It’s quite a juggling act, seeming respectable but being a little decadent around the edges. But if anyone can keep those balls in the air, it’s The Mayfair Townhouse. Well, their inspiration was local naughty boy Oscar Wilde. And other local naughty boy Alexander McQueen.
Based in a row of townhouses, which makes it feel boutique even though it’s actually quite a size, The Mayfair Townhouse is the latest succès de scandale from the Iconic hotel group, known more for their country piles than their pieds-à-terre. Right on Half Moon Street, where Oscar based his most famous play, The Importance of Being Earnest, Green Park is a two-minute walk in one direction, the luxury boutiques of Bond Street a five-minute walk in the other. So it certainly has location down.
As you step in, it might run like a well-oiled machine in terms of check-in and the rest of it, but have you noticed the life-size peacock made of Swarovski crystals and real peacock feathers? And the staff may come over as slick professionals but the gold safety pin in their lapels is actually a nod to McQueen, whose studio was around the corner. It’s like the whole hotel is winking at you.
Step into the Dandy Bar and the winking adds a nudge thanks to bar staff whose personality infuses the whole place with fun. We sat up at the bar, chatting while they made us a lethal line-up of cocktails and not the usual ones either: something made with the Queen’s favourite tipple, Dubonnet, which we somehow have never had before.
At opening, this was where food was served but downstairs there is a huge and sexy restaurant, broken into areas – like the hotel itself – so it all feels intimate. Deep sage walls, strange portraits of the family who used to live in at least one of these houses – whose eyes seem to follow you around the room – and deco touches give it all a slightly louche atmosphere, nowhere more so than in the little den, an alcove off the main room, scarlet in colour and lined with strange fox-themed pictures. If you ever need a secret snog with someone inappropriate, this is your spot.
The menu also keeps various plates spinning, veering from lobster curry to a range of burgers (including vegan!), padron peppers, halloumi fries… even ‘invisible chips’, which don’t actually arrive but where your money goes to charity.

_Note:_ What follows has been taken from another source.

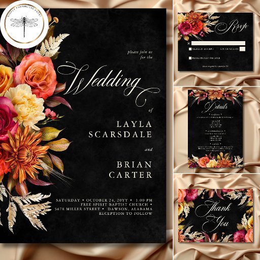 Elegant Black Vibrant Boho Floral Script Weddingデザイン: Kathe Santillo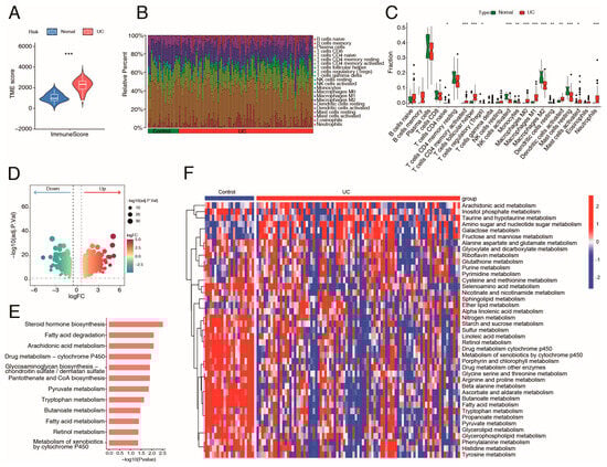 Immune abnormalities and metabolic programming involved in the pathological processes of UC. (A) Immune score of UC and normal samples (GSE87466). (B) Bar plot showing the proportion of infiltrating immune cells in the UC and normal control groups. (C) Boxplot concerning the differences in abundance of immune cells between the groups. (D) Volcano plot of DEGs between the UC and normal control groups. (E) KEGG analysis of the UC-related DEGs. (F) Heatmap of metabolic pathways between the groups. *, p < 0.05; **, p < 0.01; ***, p < 0.001.

Upstairs, the rooms continue the sexy-chic theme with colours that tend towards dark and dusky and lighting that is low and saucy, while bathrooms are just very, very expensive with amazing tiling and marble throughout. Nice. But what seems like straight-ahead luxury on first glance – curtains with deep borders and scarlet ties, deco-flavoured furniture and cushions, cushions, cushions – is subverted by original art that is strange and delicious. It’s almost a nod to the fact that the rooms in some of these houses used to be rented out by the hour.
It’s a tough gig, opening a hotel in what you could think of as quite a stuffy part of town. People coming want the area, but they don’t want the stuffy. Then again, they don’t want it to seem out of place. The Mayfair Townhouse has pulled off the impossible: a hotel that’s smart and businesslike but with such a naughty side, you almost feel like it’s pinched your bum.